In addition to auction sites like eBay and others, many people are carving out thousands of niche market Web sites in different areas and product lines. Party goods, lingerie, LP vinyl records, recipe books, collectibles, musical instruments, vintage clothing and a host of other products and services are being sold for a good profit by enterprising folks with a bit of imagination and a flair for connecting with people online.

Most of the successful home-based businesses have a "high touch" approach to their market. They personalize their business and enjoy contact with their customers as much (or more) as they do turning a profit. Word of mouth advertising, in today's social networks, means your business could be recommended by someone half a world away from your new prospect, who shares gossip and chat on a social networking site.

Blogging is another way the smallest home businesses develop a worldwide reach and following. By sharing good content and information about their passion and interests, these little businesses can grow into major operations in a relatively short period of time.

The key is to get your blog noticed by using targeted keywords and social bookmarking sites like Technorati, MyBlogLog, del.icio.us, Digg and others. With the right exposure, you could become an overnight sensation. Video sharing is another "viral" method of getting yourself noticed and driving traffic to your offers.

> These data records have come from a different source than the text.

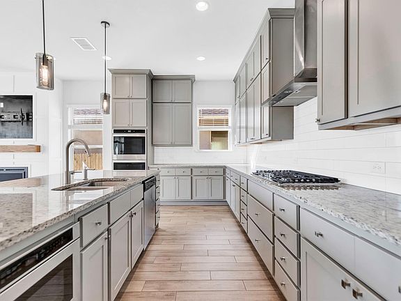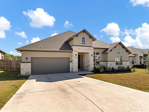 Located on the edge of the Hill Country and just minutes from Austin, this well-maintained single-story home offers comfort, convenience, and style. Overlooking private parkland, it’s nestled within the highly acclaimed DSISD and benefits from a low tax rate under 2%. Inside, the open layout is enhanced by cathedral ceilings and wood-look tile that extends throughout the home, including the spacious owners’ suite. The living room features a beautiful custom built-in window seats and electric fireplace. The kitchen has upgraded 63” Kent Moore cabinets, granite countertops, a Wi-Fi enabled double convection oven, gas cooktop, and chimney vent hood, perfect for both everyday living and entertaining. The owners’ suite includes a large shower, while the second bedroom features its own en-suite bath for added privacy. This gated boutique community provides access to a luxury pool, clubhouse, playscape, and more than 15 acres of parkland, creating a serene setting with top-tier amenities.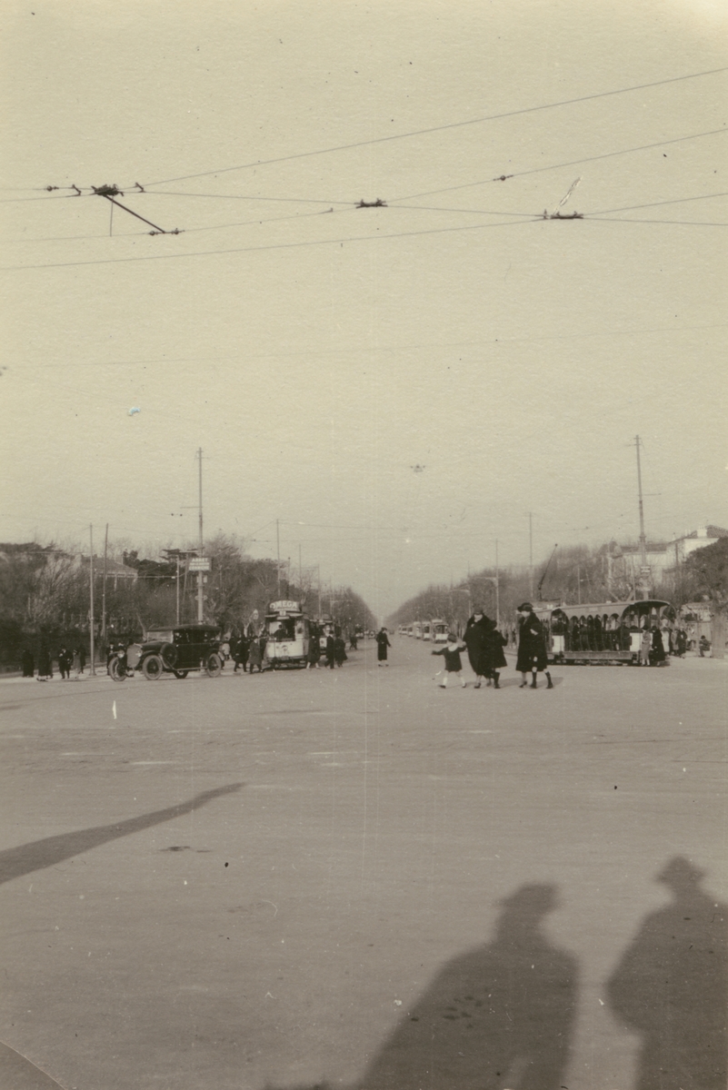 Fotografi från Albin Ahrenbergs resa till Grönland 1929. Motiv av bred väg i stad.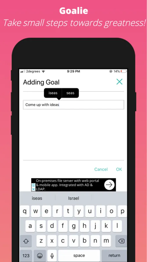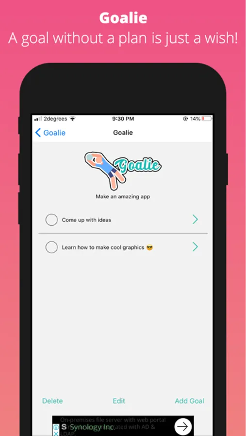 Goalie is designed to help you achieve your goals by letting you break them down as far as you need.
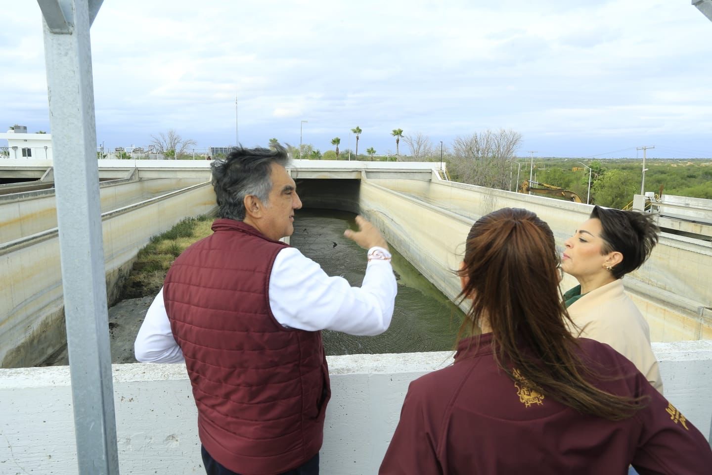 Acompañado por la presidenta municipal, Carmen Lilia Canturosas, el gobernador escuchó la explicación del secretario de Recursos Hidráulicos, Raúl Quiroga Álvarez, quien presentó los avances de la obra, que junto con la Planta Oradel y la Planta Norponiente logrará tratar el 100 por ciento de las aguas residuales de la ciudad, para colaborar en el saneamiento del río Bravo.
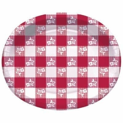 Red and White Checked Design Floral Decorative Printed Oval Platter 12″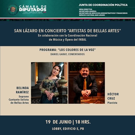 #SanLázaroEnConcierto | Acompáñanos al concierto “Los colores de la voz”, con la soprano Belinda Ramírez y el pianista Héctor Cruz.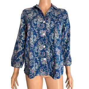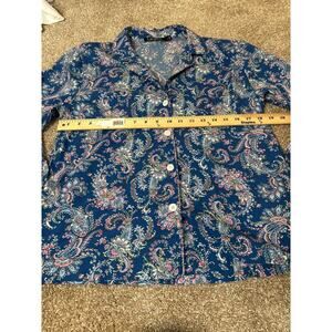 Lauren Ralph Lauren Sleep Shirt Pajama top Embroidered Logo Paisley Blue SZ M

Product "sourcing", or getting something to sell, is also made easy via the Internet. If you specialize in yard sale "junk", you won't be able to hit every yard sale in the world. Thanks to the 'Net, you can find the best sources of wholesale "junk" for resale without ever leaving your home. You can also find bulk quantities of just about any consumer goods at a fraction of the price you can resell them for, in sizes and quantities that appeal to regular folks.

Dropshipping is becoming a major source of income for both resellers and the dropshippers. By offering name brand consumer goods that you don't have to buy and store at home, you can avoid having to "pick, pack and ship" your sales yourself. It takes a bit of research to find the best deals and companies to use as dropshipping sources. Some require a sign-up fee, or monthly membership fee. Make sure you ask around and find out who's good and who to avoid.

If you're more enterprising and have a local source of merchandise to sell, you can buy at wholesale and store your inventory at home. Then, as your orders come in, you pack them up and ship them out. Along with UPS, FED-EX and DHL, the US Postal Service is willing to swing by and pick up your packages right at your front door. With online postage and shipping fees being totally automated, you can create shipping labels and pay your delivery fees online. Tracking services and signature-upon-delivery means that you can control your package deliveries just like the big guys.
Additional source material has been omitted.